Recently, Zhang et al. applied MOF-76(Ce) to effectively transform N2 into NH3, mimicking π back donation [88]. In this study, MOF-76(Ce) nanorods with Ce coordinate unsaturated sites (Ce-CUS) were prepared using the solvothermal method (Figure 2a). Under full-spectrum light source irradiation, the photogenerated electrons were first transferred to Ce-CUS sites, then to the π antibonding orbital of adsorbed N2 molecules on it. The electrons entering the π antibonding orbital would weaken the N≡N bond, significantly improving photocatalytic nitrogen fixation efficiency. The photocatalytic nitrogen fixation stability of MOF-76(Ce) is comparable to CeO2 (Figure 2b). Moreover, due to the synergy between Ce-CUS and N2, the photocatalytic nitrogen fixation activity of MOF-76(Ce) is higher than CeO2, with an activity of 34.2 μmolg−1 h−1. It should be noted that this is the first kind of study that involved using MOFs for nitrogen fixation.

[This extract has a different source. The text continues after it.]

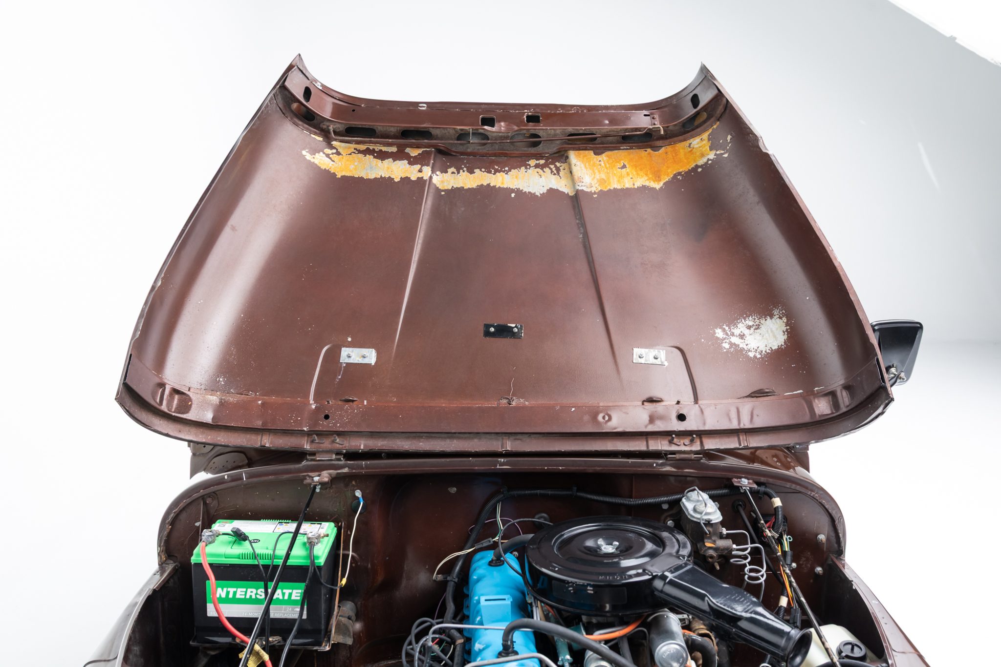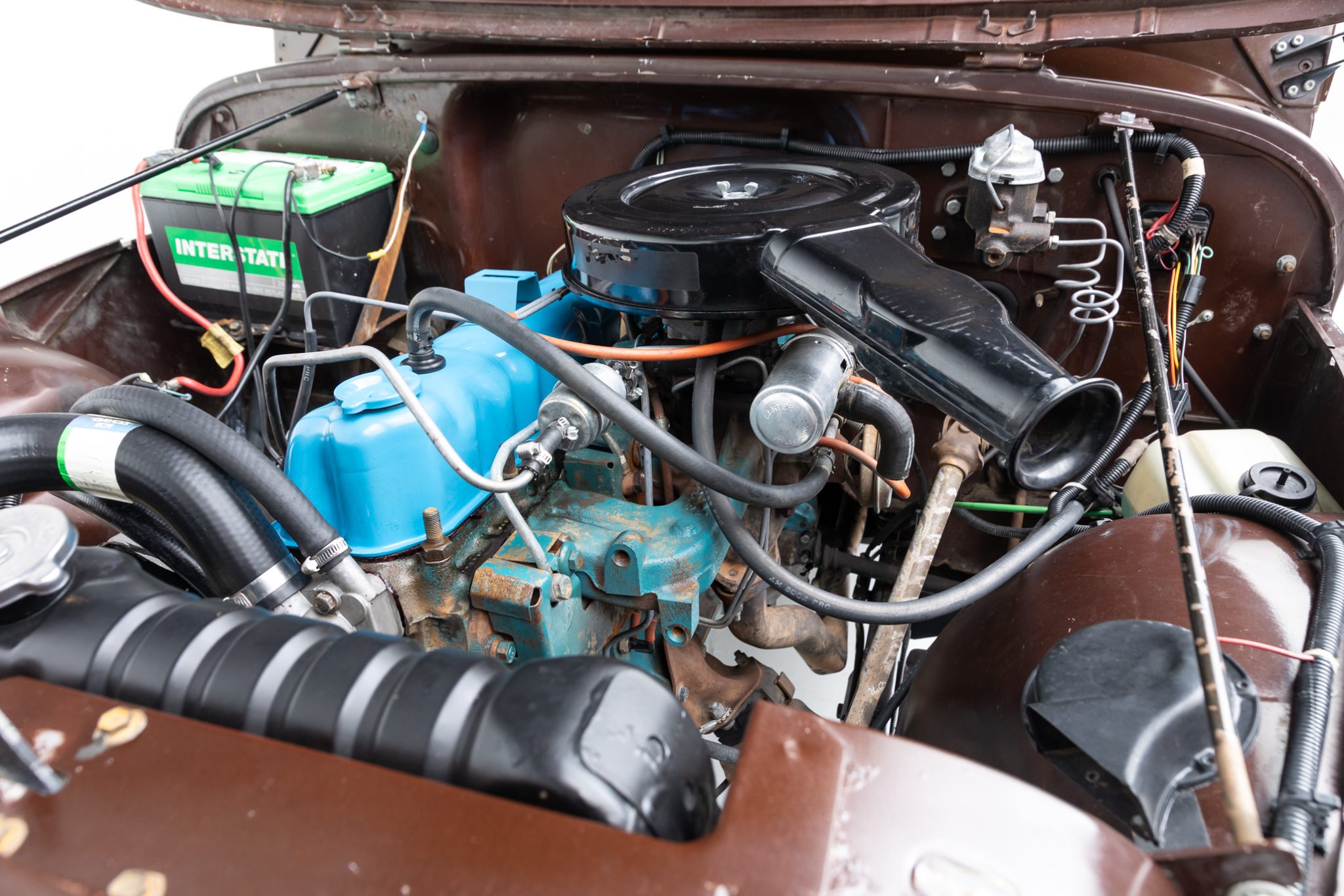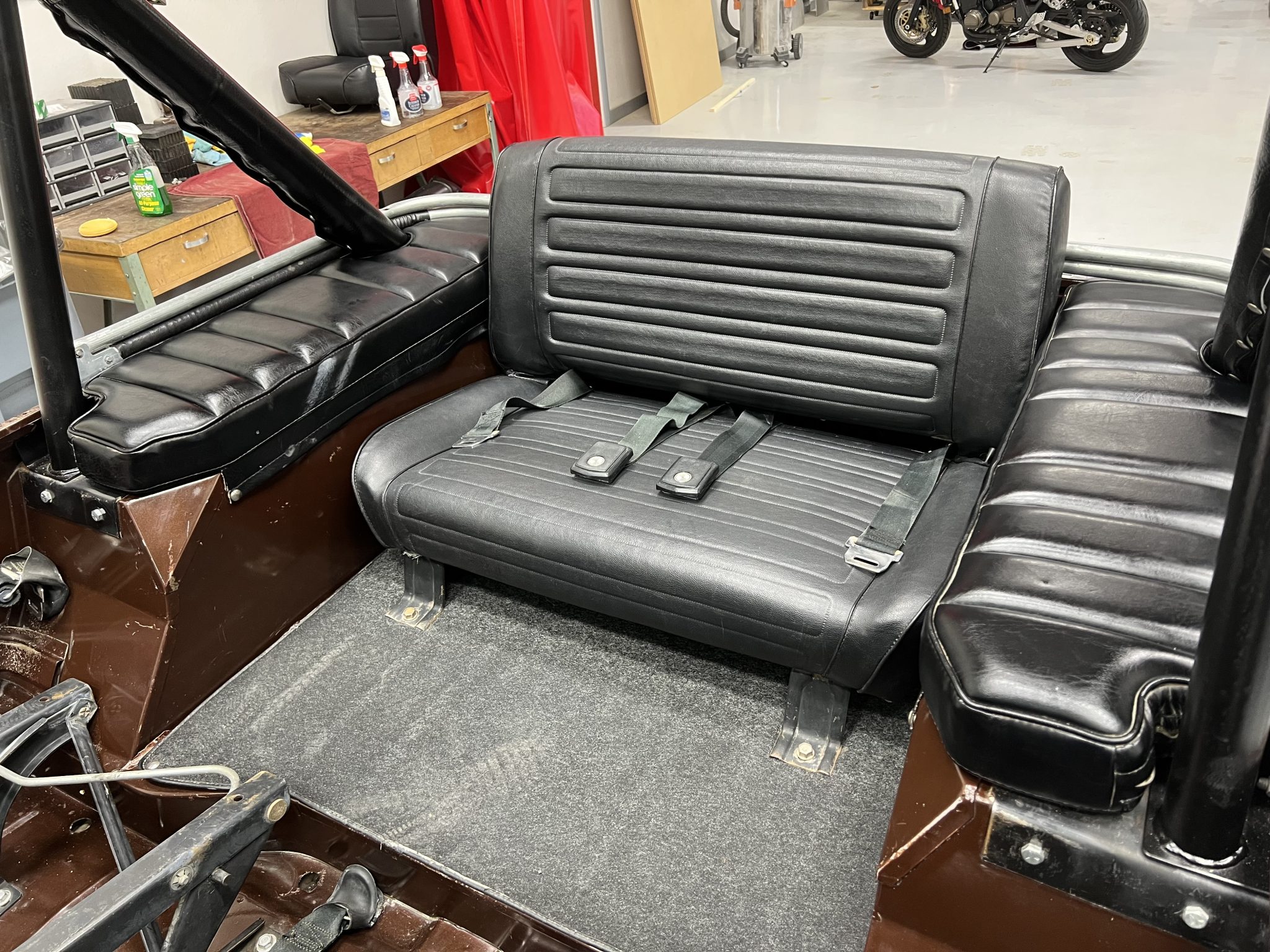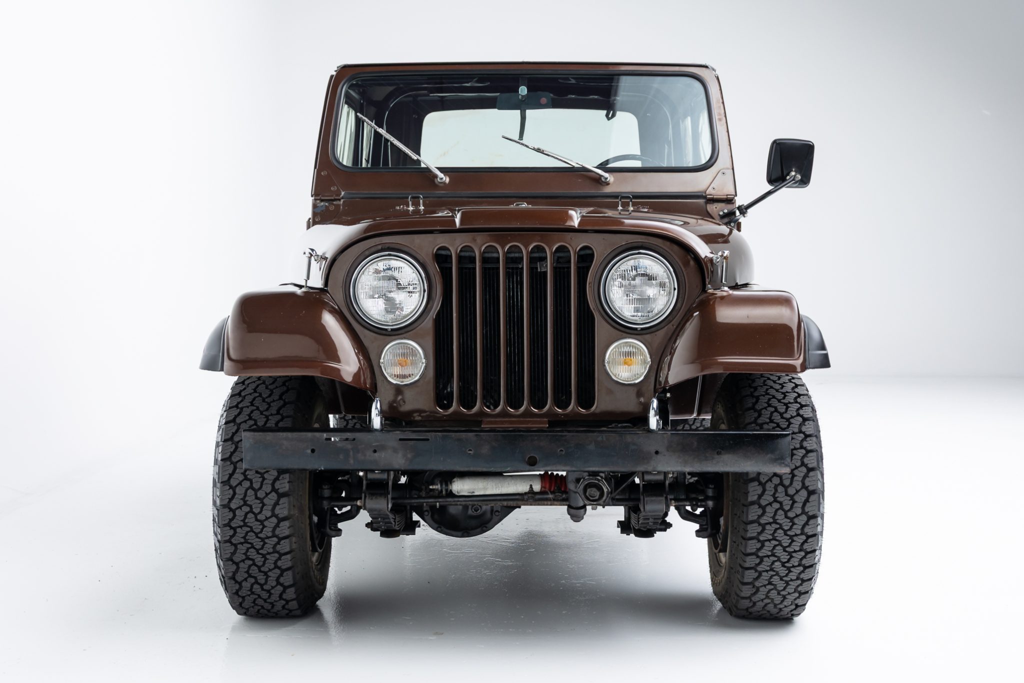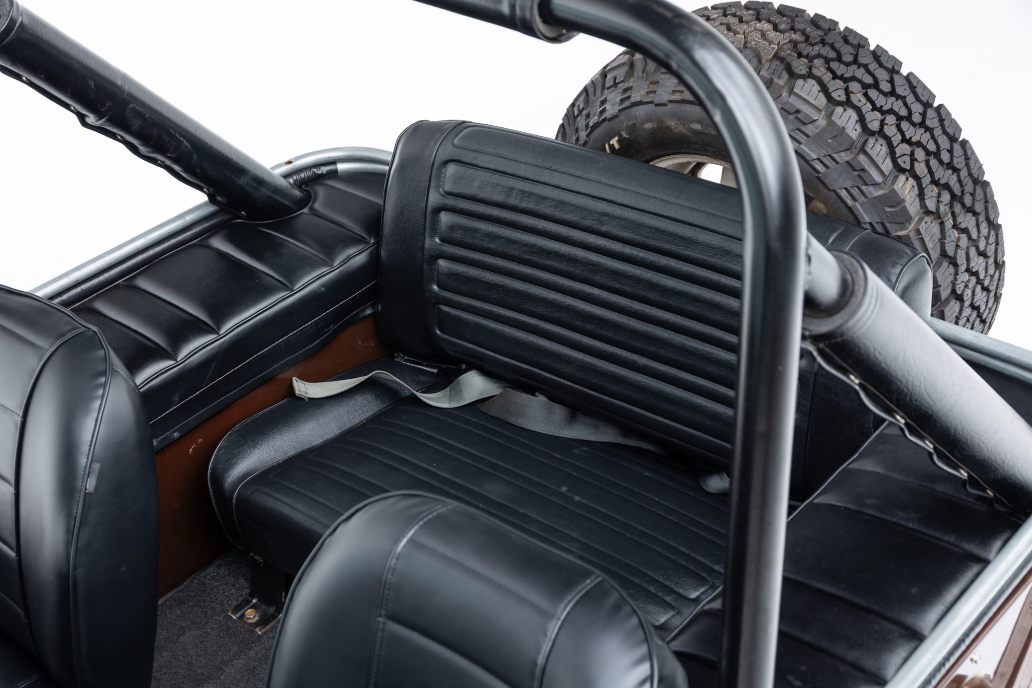 Now showing 41k miles, the truck is finished in Mocha Brown over black vinyl and is powered by a 258ci inline-six linked to a four-speed manual transmission and a dual-range transfer case. Equipment includes manually locking hubs, 15″ wheels, a removable black soft top and doors, a fold-down windshield, a roll bar, a rear bench seat, seat belts, and a tow ball.

Figure 2. (a) Synthesis diagram of MOFs-76(Ce). (b) MOFs-76(Ce) stability test of photocatalytic nitrogen fixation. Reproduced with permission [88]. Copyright 2019, American Chemical Society.
Titanium Metal-Based MOFs
Ti-based MOFs have been widely explored in photocatalytic hydrogen production [101,102,103], photocatalytic CO2 reduction [104,105], and environmental protection; however, photocatalytic nitrogen fixation is still in its preliminary stages of development.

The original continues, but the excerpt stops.